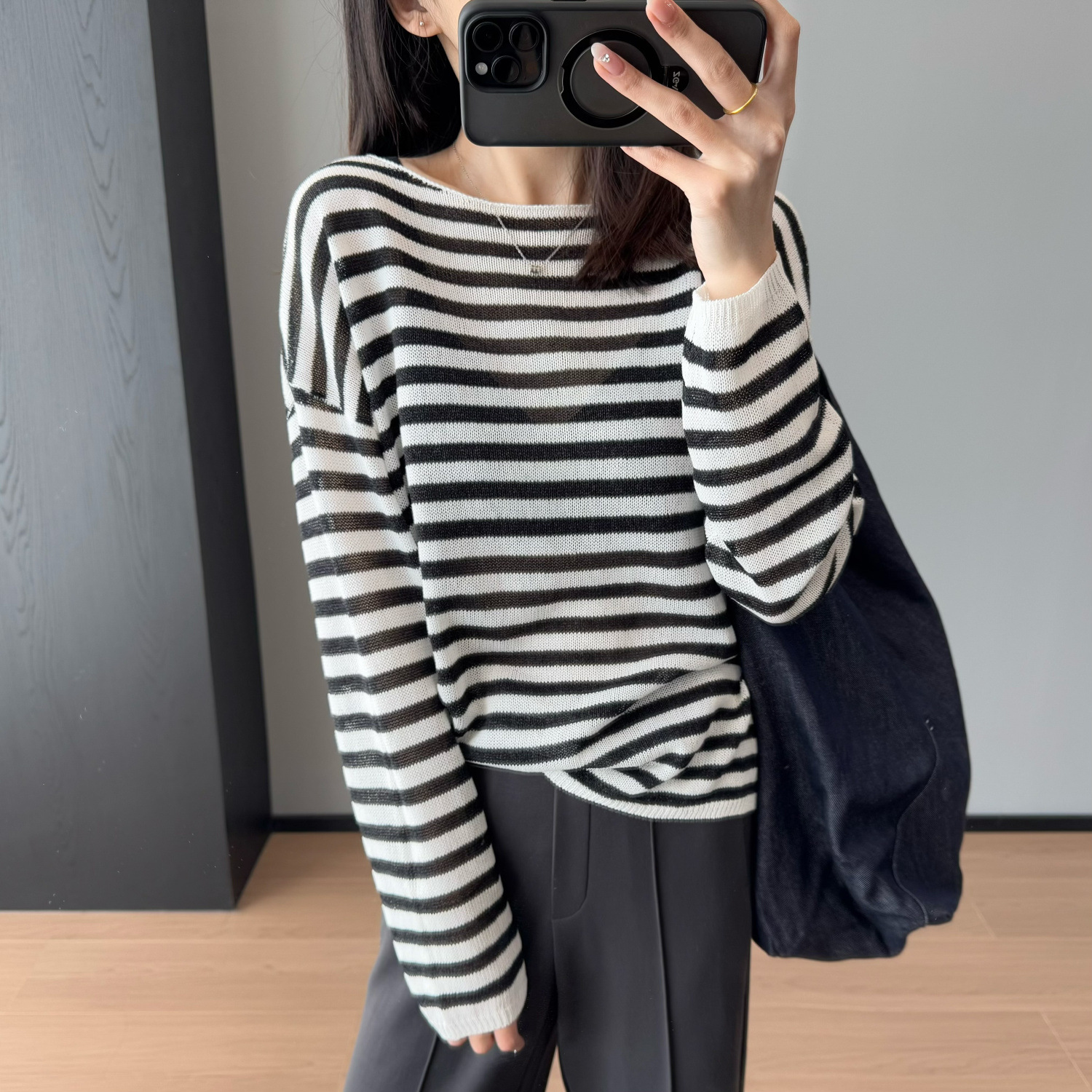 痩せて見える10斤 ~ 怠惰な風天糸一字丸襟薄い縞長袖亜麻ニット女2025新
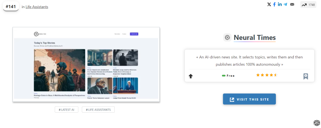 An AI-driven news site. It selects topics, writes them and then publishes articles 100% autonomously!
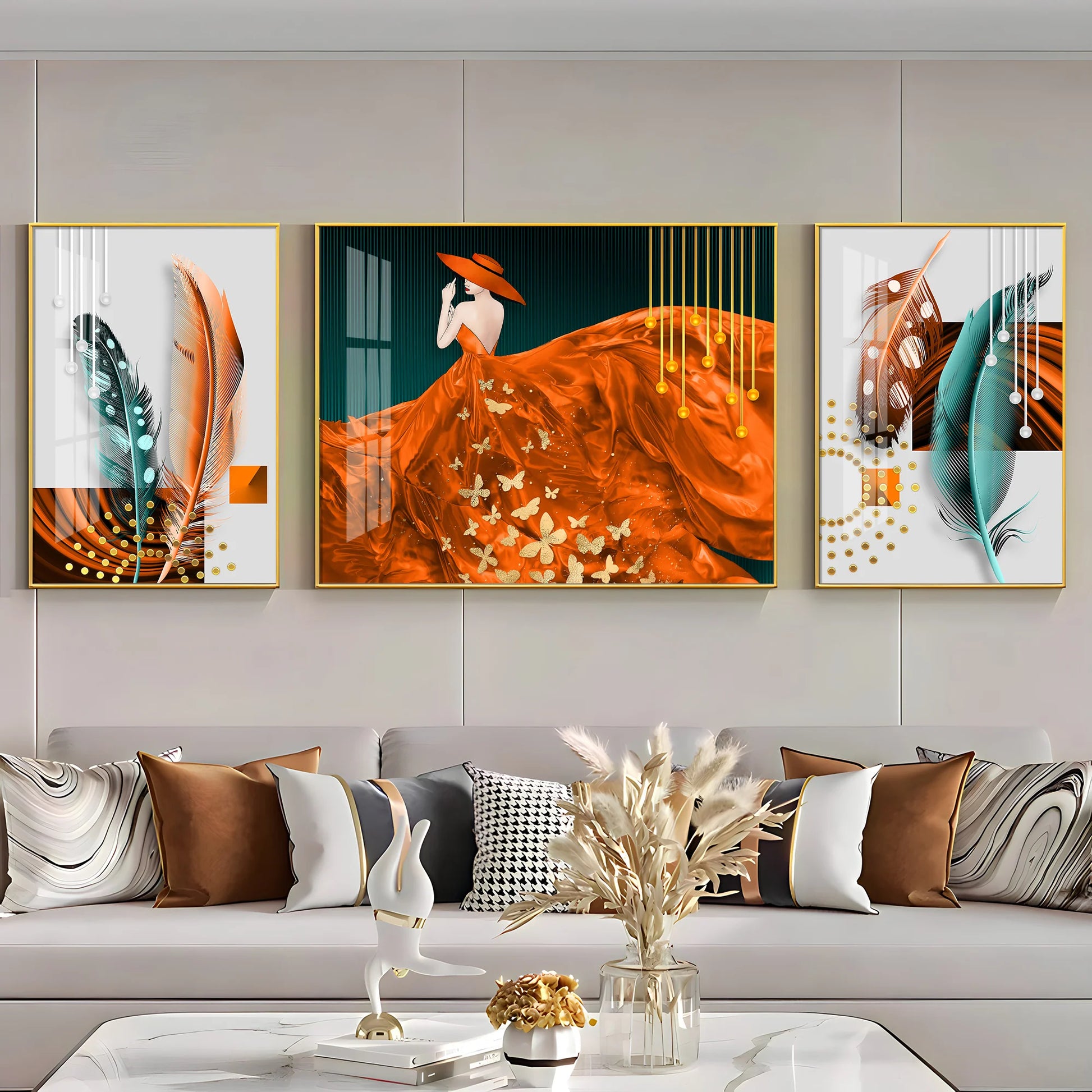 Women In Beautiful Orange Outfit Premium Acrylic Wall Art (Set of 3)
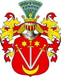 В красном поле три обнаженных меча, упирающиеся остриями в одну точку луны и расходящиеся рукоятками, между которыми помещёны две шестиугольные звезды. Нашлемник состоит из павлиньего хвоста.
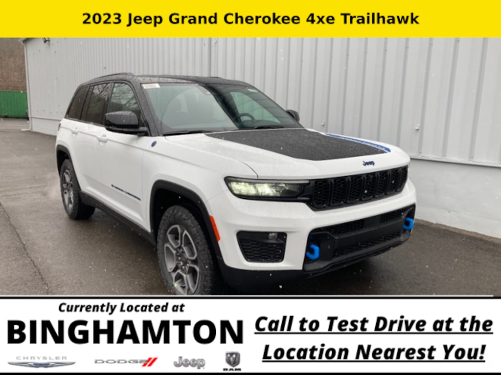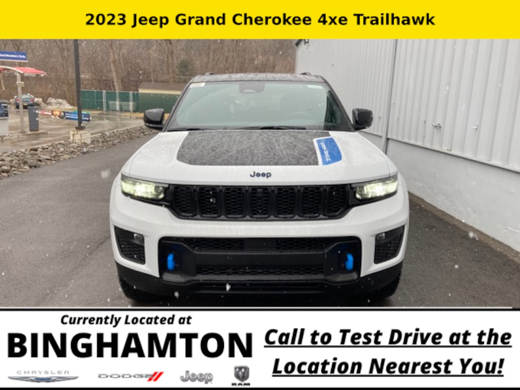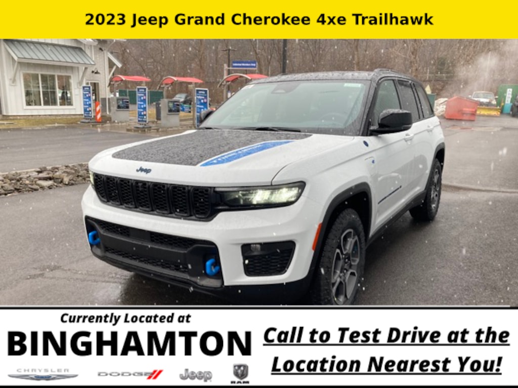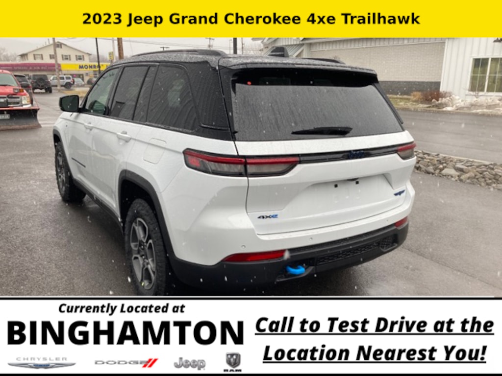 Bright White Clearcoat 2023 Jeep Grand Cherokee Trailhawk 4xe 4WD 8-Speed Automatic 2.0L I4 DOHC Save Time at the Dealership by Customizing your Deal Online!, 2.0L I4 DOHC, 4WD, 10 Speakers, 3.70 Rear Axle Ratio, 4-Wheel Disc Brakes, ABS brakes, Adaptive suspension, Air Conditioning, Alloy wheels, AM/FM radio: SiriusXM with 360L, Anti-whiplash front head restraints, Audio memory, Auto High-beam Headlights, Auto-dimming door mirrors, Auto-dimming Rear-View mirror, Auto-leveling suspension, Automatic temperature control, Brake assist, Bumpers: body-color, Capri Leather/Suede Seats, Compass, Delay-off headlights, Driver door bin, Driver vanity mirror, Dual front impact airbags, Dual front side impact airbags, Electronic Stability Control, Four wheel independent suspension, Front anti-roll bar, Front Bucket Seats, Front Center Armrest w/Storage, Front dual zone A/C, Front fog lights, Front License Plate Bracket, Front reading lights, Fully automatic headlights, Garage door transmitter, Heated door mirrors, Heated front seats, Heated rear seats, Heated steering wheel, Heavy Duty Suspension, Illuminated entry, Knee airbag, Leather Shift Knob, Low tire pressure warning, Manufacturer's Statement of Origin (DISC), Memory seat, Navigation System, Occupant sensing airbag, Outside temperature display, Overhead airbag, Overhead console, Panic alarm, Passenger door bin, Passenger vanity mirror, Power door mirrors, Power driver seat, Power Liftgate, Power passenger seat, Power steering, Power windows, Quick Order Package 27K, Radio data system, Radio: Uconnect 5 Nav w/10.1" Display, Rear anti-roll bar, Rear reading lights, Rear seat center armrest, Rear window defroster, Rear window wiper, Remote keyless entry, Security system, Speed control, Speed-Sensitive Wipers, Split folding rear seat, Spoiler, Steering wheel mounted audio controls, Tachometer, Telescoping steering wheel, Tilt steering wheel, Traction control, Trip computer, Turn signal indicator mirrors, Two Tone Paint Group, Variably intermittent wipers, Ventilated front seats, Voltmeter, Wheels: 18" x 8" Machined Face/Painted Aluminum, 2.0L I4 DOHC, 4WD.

- PROBLEM
Make an exact copy of all the material, but keep the pictures out of it.

- RESULT BELOW
 痩せて見える10斤 ~ 怠惰な風天糸一字丸襟薄い縞長袖亜麻ニット女2025新
 An AI-driven news site. It selects topics, writes them and then publishes articles 100% autonomously!
 Women In Beautiful Orange Outfit Premium Acrylic Wall Art (Set of 3)
 В красном поле три обнаженных меча, упирающиеся остриями в одну точку луны и расходящиеся рукоятками, между которыми помещёны две шестиугольные звезды. Нашлемник состоит из павлиньего хвоста.
 Bright White Clearcoat 2023 Jeep Grand Cherokee Trailhawk 4xe 4WD 8-Speed Automatic 2.0L I4 DOHC Save Time at the Dealership by Customizing your Deal Online!, 2.0L I4 DOHC, 4WD, 10 Speakers, 3.70 Rear Axle Ratio, 4-Wheel Disc Brakes, ABS brakes, Adaptive suspension, Air Conditioning, Alloy wheels, AM/FM radio: SiriusXM with 360L, Anti-whiplash front head restraints, Audio memory, Auto High-beam Headlights, Auto-dimming door mirrors, Auto-dimming Rear-View mirror, Auto-leveling suspension, Automatic temperature control, Brake assist, Bumpers: body-color, Capri Leather/Suede Seats, Compass, Delay-off headlights, Driver door bin, Driver vanity mirror, Dual front impact airbags, Dual front side impact airbags, Electronic Stability Control, Four wheel independent suspension, Front anti-roll bar, Front Bucket Seats, Front Center Armrest w/Storage, Front dual zone A/C, Front fog lights, Front License Plate Bracket, Front reading lights, Fully automatic headlights, Garage door transmitter, Heated door mirrors, Heated front seats, Heated rear seats, Heated steering wheel, Heavy Duty Suspension, Illuminated entry, Knee airbag, Leather Shift Knob, Low tire pressure warning, Manufacturer's Statement of Origin (DISC), Memory seat, Navigation System, Occupant sensing airbag, Outside temperature display, Overhead airbag, Overhead console, Panic alarm, Passenger door bin, Passenger vanity mirror, Power door mirrors, Power driver seat, Power Liftgate, Power passenger seat, Power steering, Power windows, Quick Order Package 27K, Radio data system, Radio: Uconnect 5 Nav w/10.1" Display, Rear anti-roll bar, Rear reading lights, Rear seat center armrest, Rear window defroster, Rear window wiper, Remote keyless entry, Security system, Speed control, Speed-Sensitive Wipers, Split folding rear seat, Spoiler, Steering wheel mounted audio controls, Tachometer, Telescoping steering wheel, Tilt steering wheel, Traction control, Trip computer, Turn signal indicator mirrors, Two Tone Paint Group, Variably intermittent wipers, Ventilated front seats, Voltmeter, Wheels: 18" x 8" Machined Face/Painted Aluminum, 2.0L I4 DOHC, 4WD.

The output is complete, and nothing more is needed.